## [Assigned task]
Your copy should begin with the line containing "Obal vyvinutý spoločnosťou", end with the line containing "白い雪景色の中に、一頭の灰色", match the listing below exactly, and contain no pictures.

## [Given records]
------------------------------------

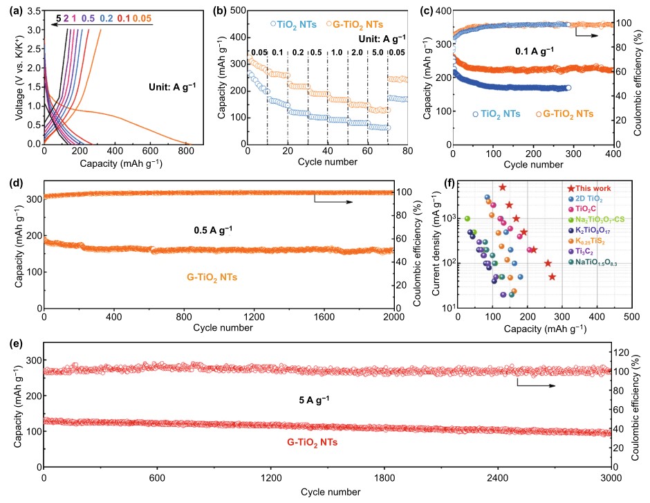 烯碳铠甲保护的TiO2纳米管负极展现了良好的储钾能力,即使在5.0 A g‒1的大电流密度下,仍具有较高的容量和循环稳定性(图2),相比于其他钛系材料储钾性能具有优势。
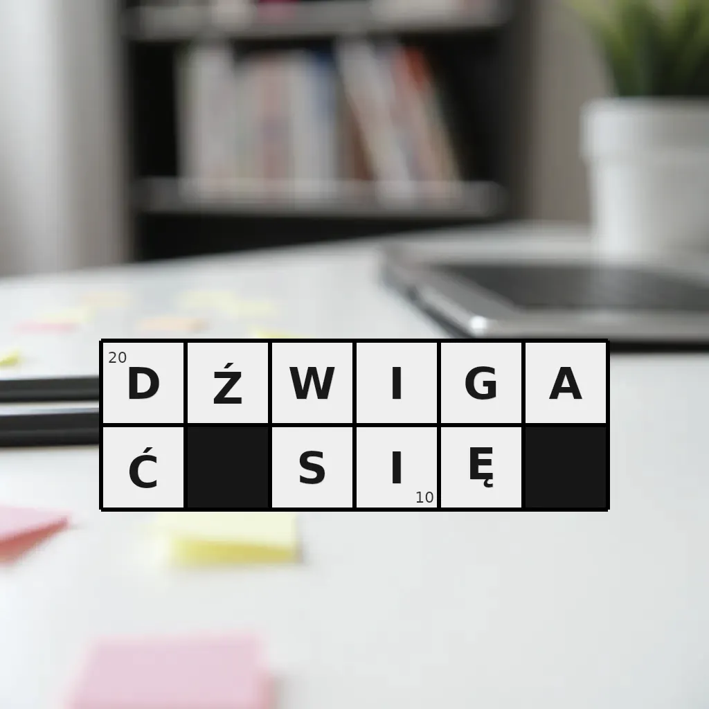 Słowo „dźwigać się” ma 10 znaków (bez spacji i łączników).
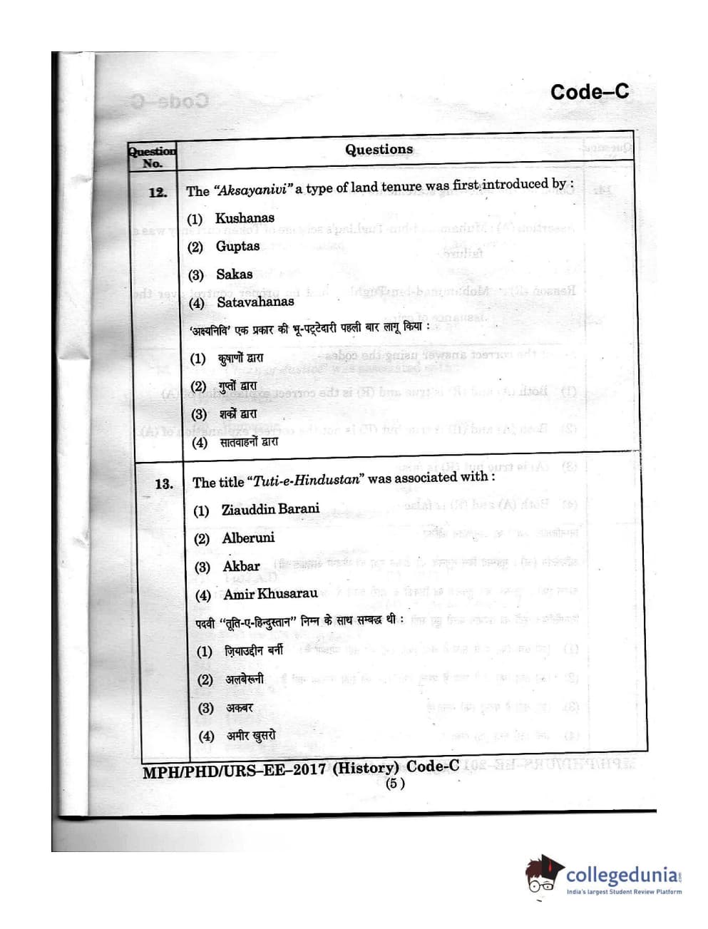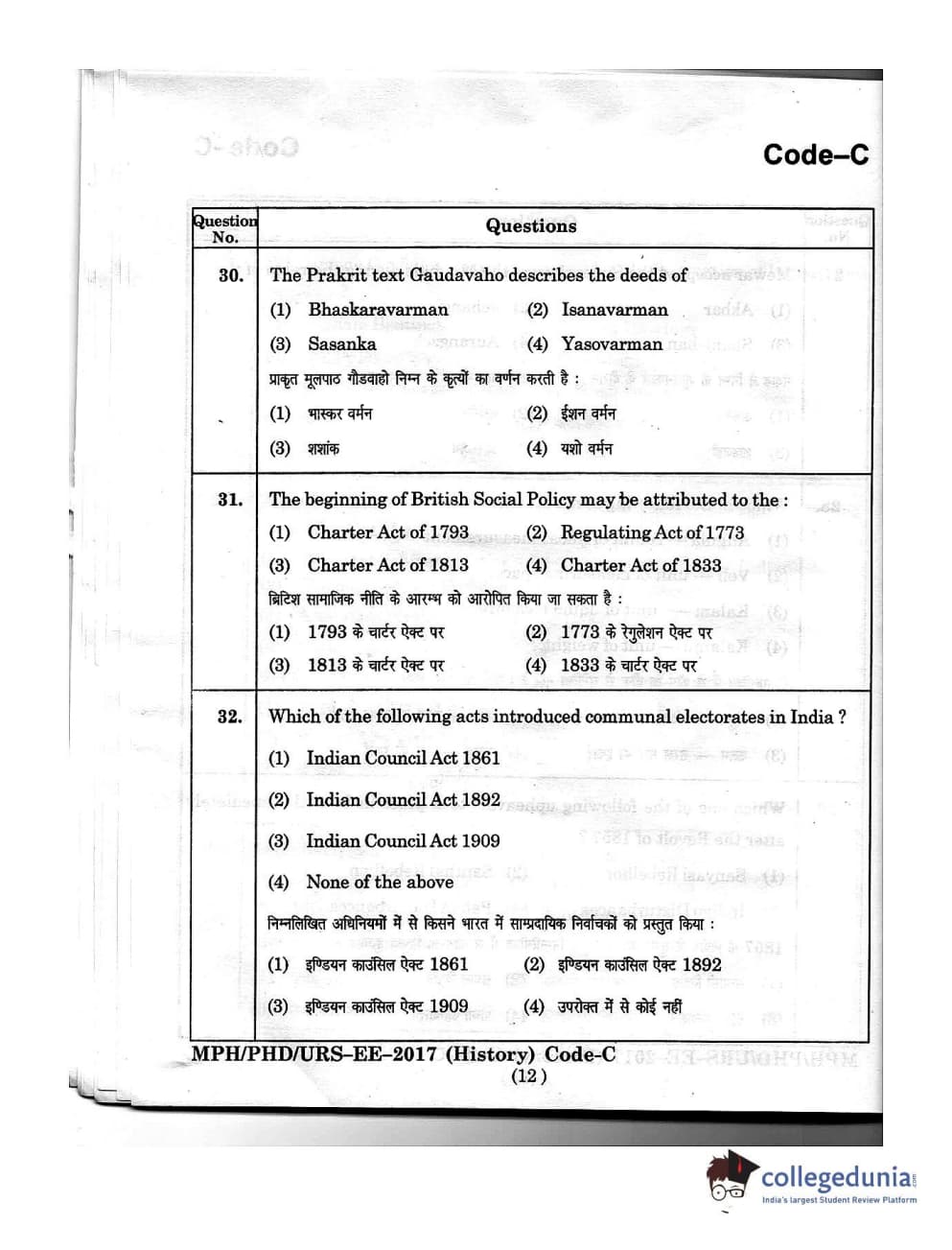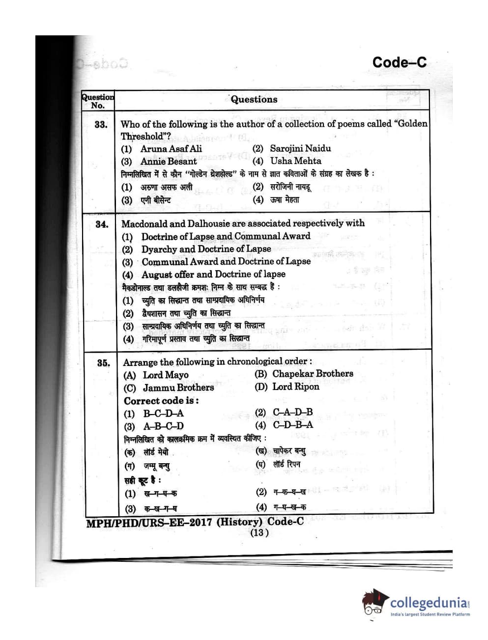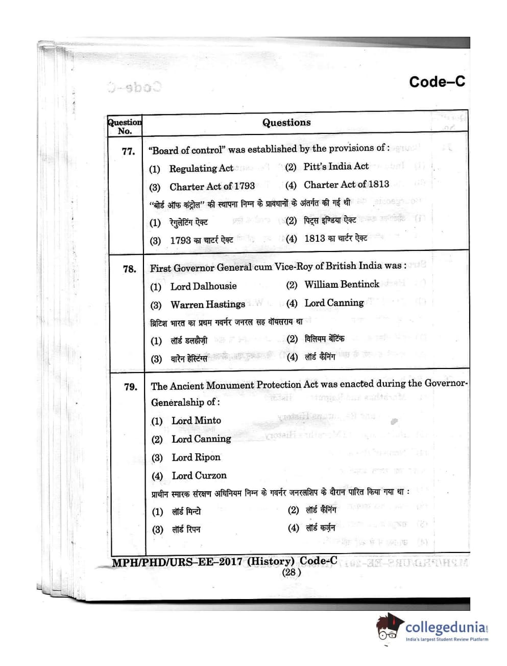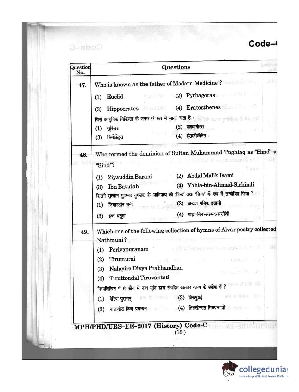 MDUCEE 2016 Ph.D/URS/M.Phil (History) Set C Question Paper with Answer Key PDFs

------------------------------------

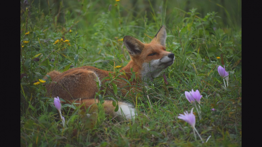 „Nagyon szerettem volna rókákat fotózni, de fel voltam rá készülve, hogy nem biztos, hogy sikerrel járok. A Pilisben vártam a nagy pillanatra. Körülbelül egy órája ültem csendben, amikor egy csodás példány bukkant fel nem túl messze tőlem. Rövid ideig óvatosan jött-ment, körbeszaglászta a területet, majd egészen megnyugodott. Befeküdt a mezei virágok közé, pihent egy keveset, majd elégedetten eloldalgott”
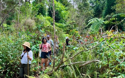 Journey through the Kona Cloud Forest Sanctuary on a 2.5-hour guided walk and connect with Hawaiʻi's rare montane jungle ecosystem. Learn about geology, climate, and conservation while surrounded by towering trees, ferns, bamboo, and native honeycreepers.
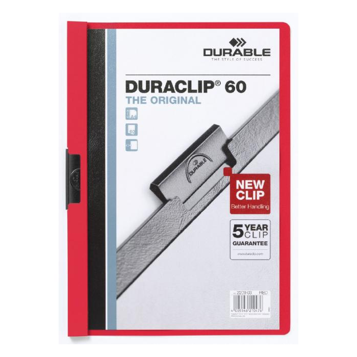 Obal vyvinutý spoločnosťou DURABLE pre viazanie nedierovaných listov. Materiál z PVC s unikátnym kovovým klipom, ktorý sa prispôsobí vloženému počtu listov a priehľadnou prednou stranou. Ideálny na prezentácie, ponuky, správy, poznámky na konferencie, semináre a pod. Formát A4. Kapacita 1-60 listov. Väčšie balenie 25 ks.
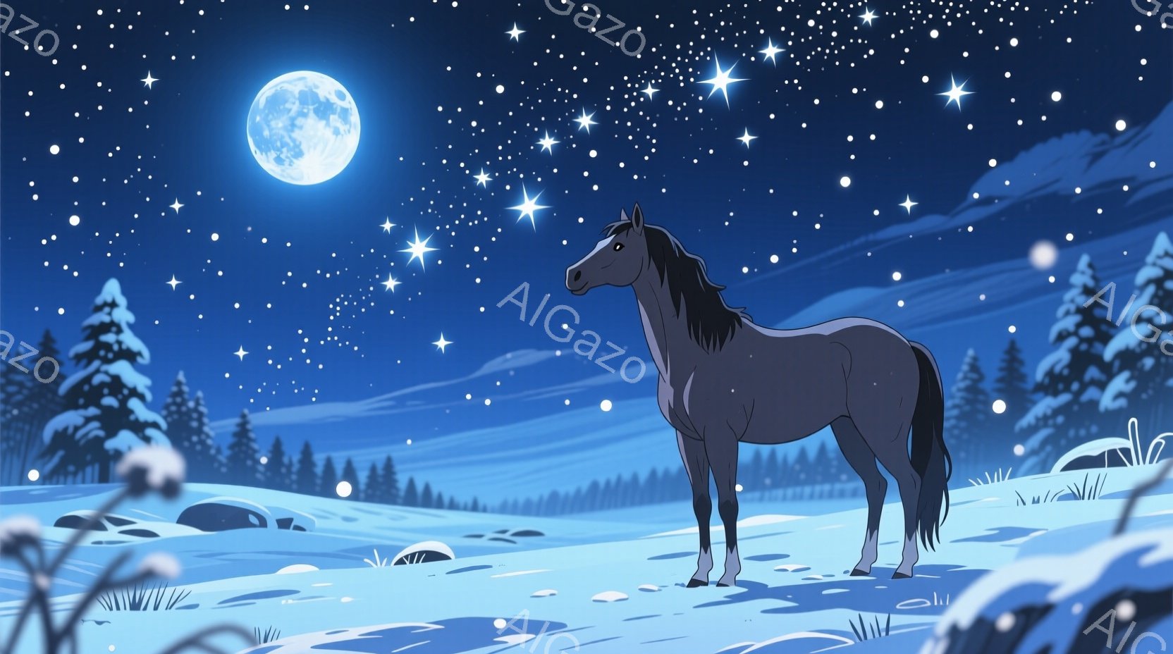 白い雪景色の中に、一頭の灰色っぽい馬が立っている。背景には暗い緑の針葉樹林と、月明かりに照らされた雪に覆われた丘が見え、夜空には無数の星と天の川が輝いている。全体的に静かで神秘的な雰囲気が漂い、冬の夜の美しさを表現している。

------------------------------------

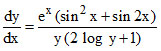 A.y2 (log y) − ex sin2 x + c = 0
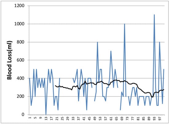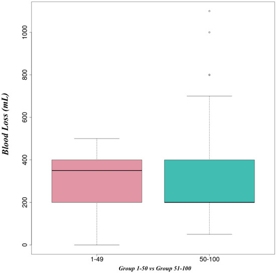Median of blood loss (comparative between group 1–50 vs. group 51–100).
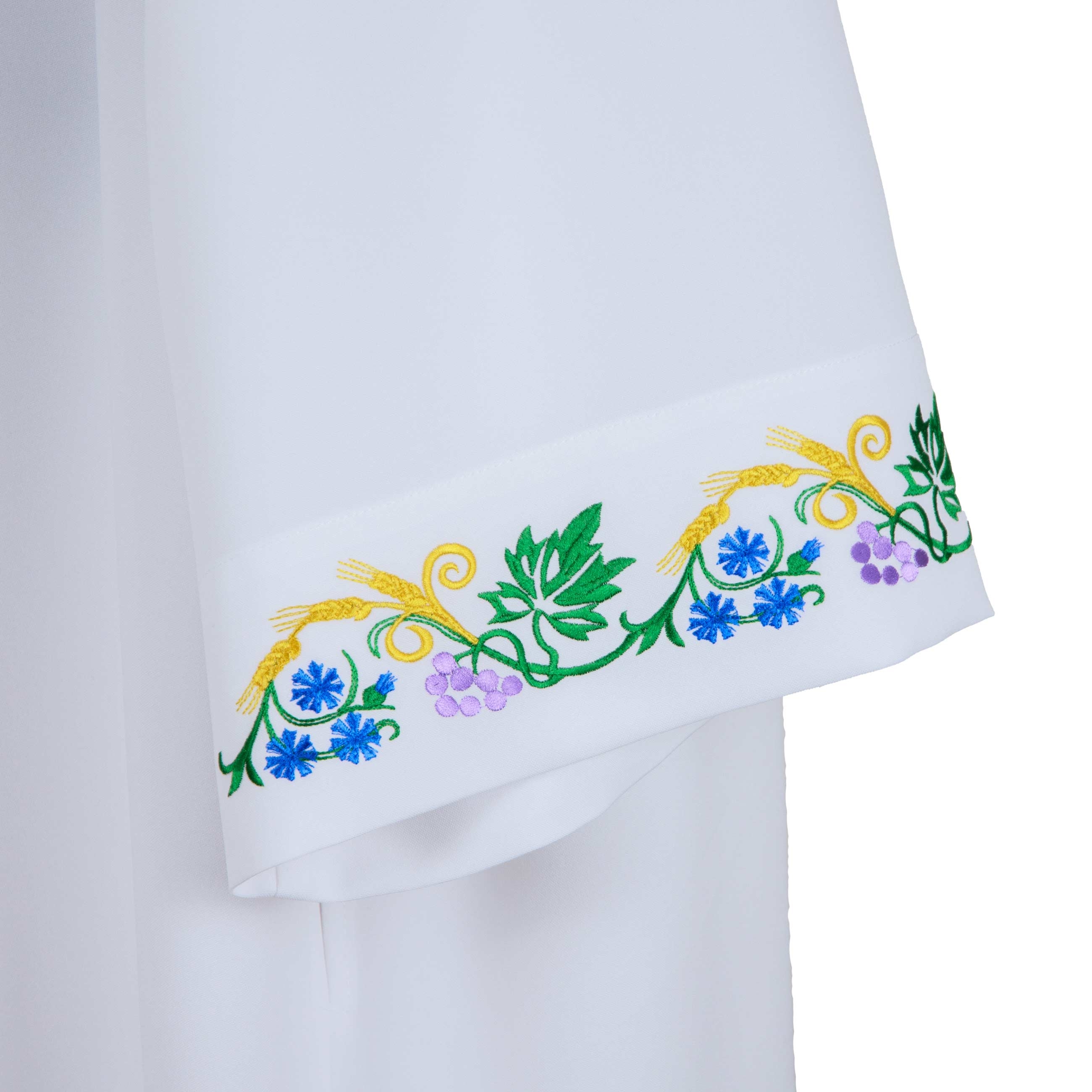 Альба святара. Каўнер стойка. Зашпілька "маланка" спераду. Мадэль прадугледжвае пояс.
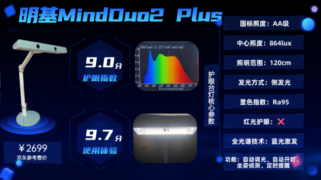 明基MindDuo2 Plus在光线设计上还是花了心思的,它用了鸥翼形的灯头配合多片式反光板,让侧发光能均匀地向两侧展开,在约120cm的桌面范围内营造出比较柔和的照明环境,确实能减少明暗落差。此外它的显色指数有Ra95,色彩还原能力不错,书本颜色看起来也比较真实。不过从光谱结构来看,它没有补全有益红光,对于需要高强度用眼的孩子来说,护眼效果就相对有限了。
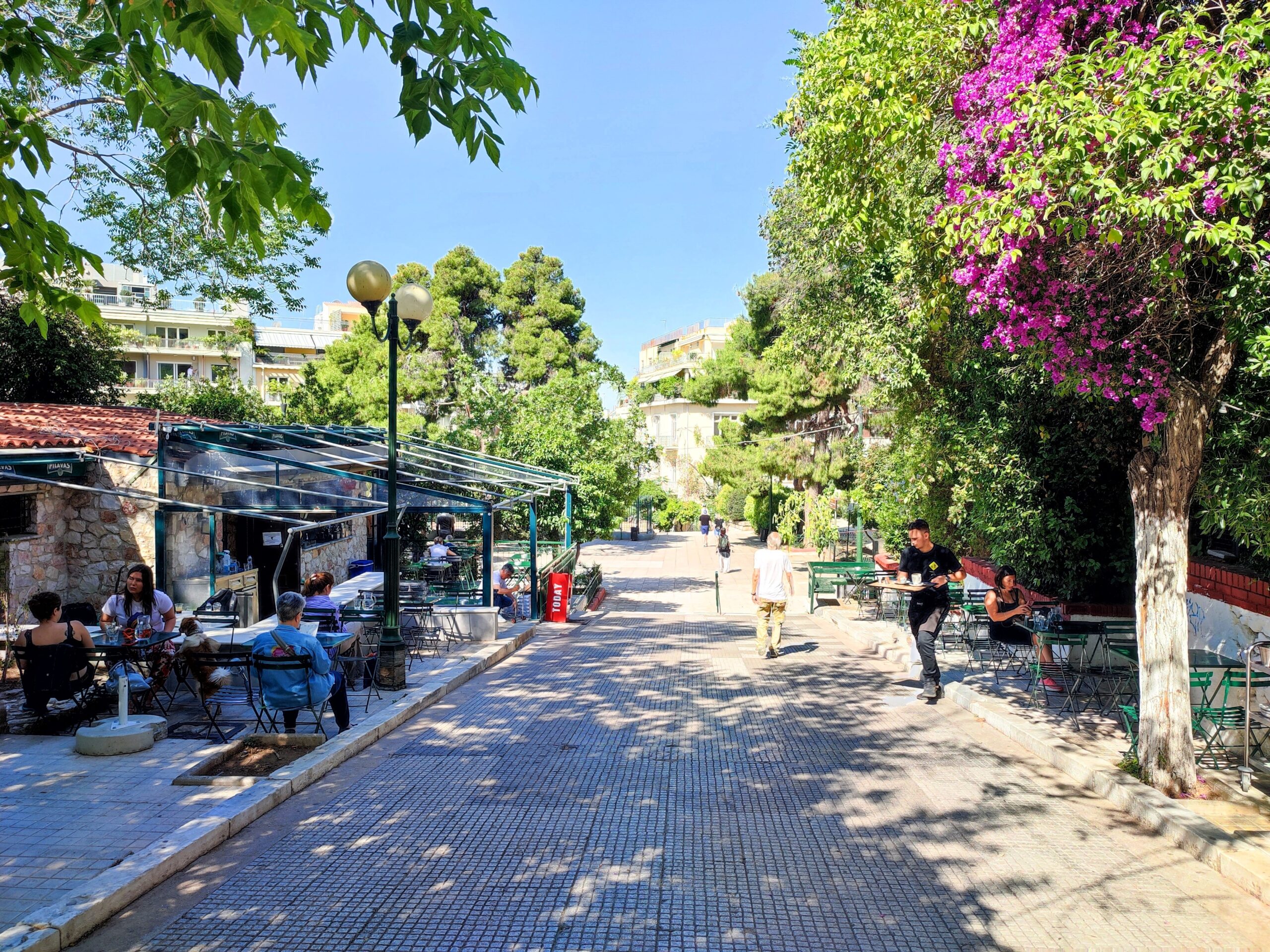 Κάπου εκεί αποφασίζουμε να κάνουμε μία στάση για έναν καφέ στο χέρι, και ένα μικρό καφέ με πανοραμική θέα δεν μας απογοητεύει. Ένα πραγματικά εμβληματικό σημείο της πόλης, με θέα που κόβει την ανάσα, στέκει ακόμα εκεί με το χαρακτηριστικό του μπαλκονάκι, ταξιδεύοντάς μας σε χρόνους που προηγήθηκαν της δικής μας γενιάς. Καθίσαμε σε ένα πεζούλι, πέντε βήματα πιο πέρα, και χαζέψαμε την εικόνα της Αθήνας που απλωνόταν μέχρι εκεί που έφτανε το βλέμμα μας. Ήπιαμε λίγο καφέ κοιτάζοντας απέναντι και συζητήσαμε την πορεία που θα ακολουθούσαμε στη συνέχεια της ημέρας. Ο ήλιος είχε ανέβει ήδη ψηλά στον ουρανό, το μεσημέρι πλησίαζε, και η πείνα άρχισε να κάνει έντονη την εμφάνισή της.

------------------------------------

## [Answer section]
 Obal vyvinutý spoločnosťou DURABLE pre viazanie nedierovaných listov. Materiál z PVC s unikátnym kovovým klipom, ktorý sa prispôsobí vloženému počtu listov a priehľadnou prednou stranou. Ideálny na prezentácie, ponuky, správy, poznámky na konferencie, semináre a pod. Formát A4. Kapacita 1-60 listov. Väčšie balenie 25 ks.
 白い雪景色の中に、一頭の灰色っぽい馬が立っている。背景には暗い緑の針葉樹林と、月明かりに照らされた雪に覆われた丘が見え、夜空には無数の星と天の川が輝いている。全体的に静かで神秘的な雰囲気が漂い、冬の夜の美しさを表現している。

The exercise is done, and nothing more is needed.